(Records contained in a dataset)
----------

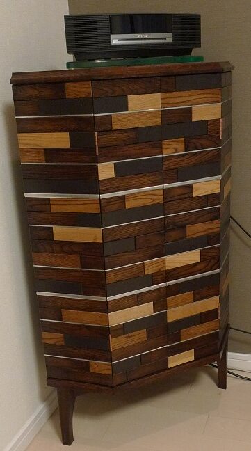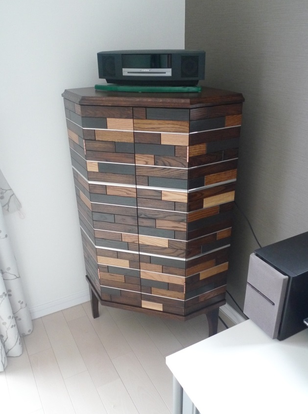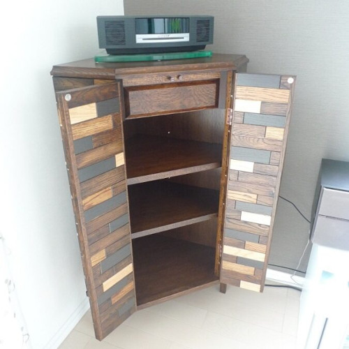 キャビネットの扉は、裏表老面ともブロック型に成形したナラ材を複数パタンで着色し、1つ1つ組み上げました。
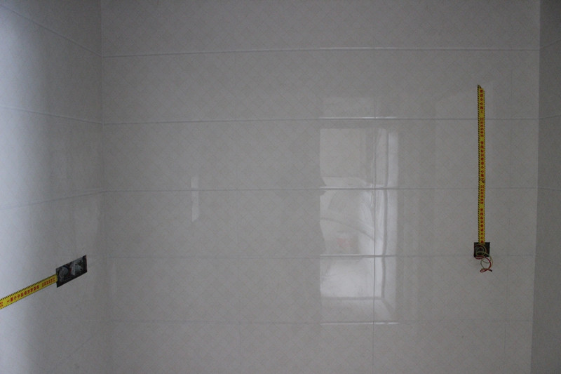張總正在仔細(xì)查看墻面貼磚工藝
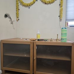 Move out sale: Wooden Storage Cabinet with Frosted Glass Doors$10Bothell, WA
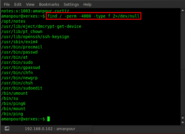 First we started to find all SUID files by typing find / -perm -4000 -type f 2>/dev/null
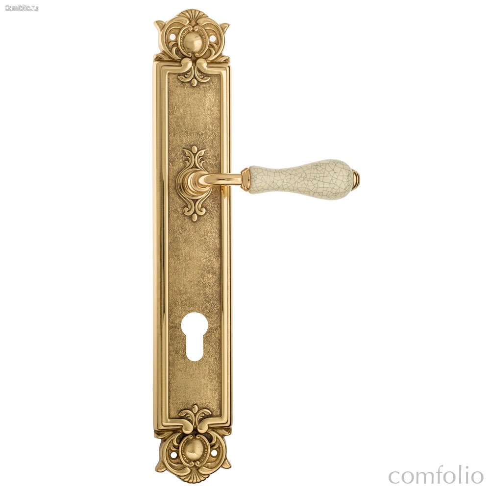 Дверная ручка Venezia Colosseo белая керамика паутинка CYL на планке PL97 полированная латунь - Venezia Collezione
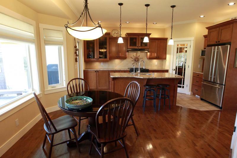 The kitchen's grantie countertops and bronze-tinted ceramic backsplash mesh well with all of the wood.
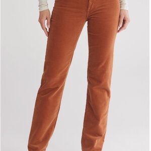 Fabric is a lightweight twill with a moderate amount of stretch. Very comfortable 97% cotton, 3% elastane. Made in Turkey
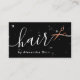 Ce design carte de visite de coiffure moderne présente des ciseaux d'or rose en faux cuivre, un arrière - plan en marbre noir et une police de calligraphie élégante.
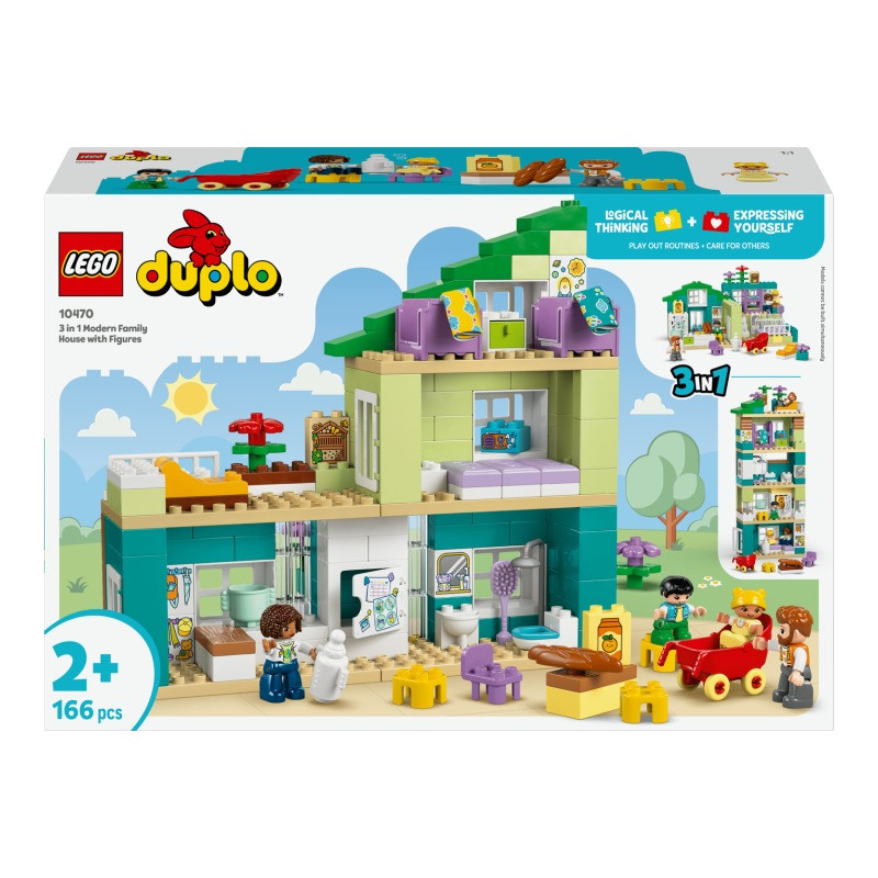 LEGO Duplo 10470 Moderný rodinný dom 3 v 1 s figúrkami, Parametre: Vek dieťaťa: od 2 rokov, Značka: LEGO, Pohlavie: chlapci, dievčatá, Séria: domácnosť, Počet kusov: 166

----------

→ Exercise description: Every line in the records is to be retyped exactly as it stands; the pictures stay out.

→ Reply:
 キャビネットの扉は、裏表老面ともブロック型に成形したナラ材を複数パタンで着色し、1つ1つ組み上げました。
張總正在仔細(xì)查看墻面貼磚工藝
 Move out sale: Wooden Storage Cabinet with Frosted Glass Doors$10Bothell, WA
 First we started to find all SUID files by typing find / -perm -4000 -type f 2>/dev/null
 Дверная ручка Venezia Colosseo белая керамика паутинка CYL на планке PL97 полированная латунь - Venezia Collezione
 The kitchen's grantie countertops and bronze-tinted ceramic backsplash mesh well with all of the wood.
 Fabric is a lightweight twill with a moderate amount of stretch. Very comfortable 97% cotton, 3% elastane. Made in Turkey
 Ce design carte de visite de coiffure moderne présente des ciseaux d'or rose en faux cuivre, un arrière - plan en marbre noir et une police de calligraphie élégante.
 LEGO Duplo 10470 Moderný rodinný dom 3 v 1 s figúrkami, Parametre: Vek dieťaťa: od 2 rokov, Značka: LEGO, Pohlavie: chlapci, dievčatá, Séria: domácnosť, Počet kusov: 166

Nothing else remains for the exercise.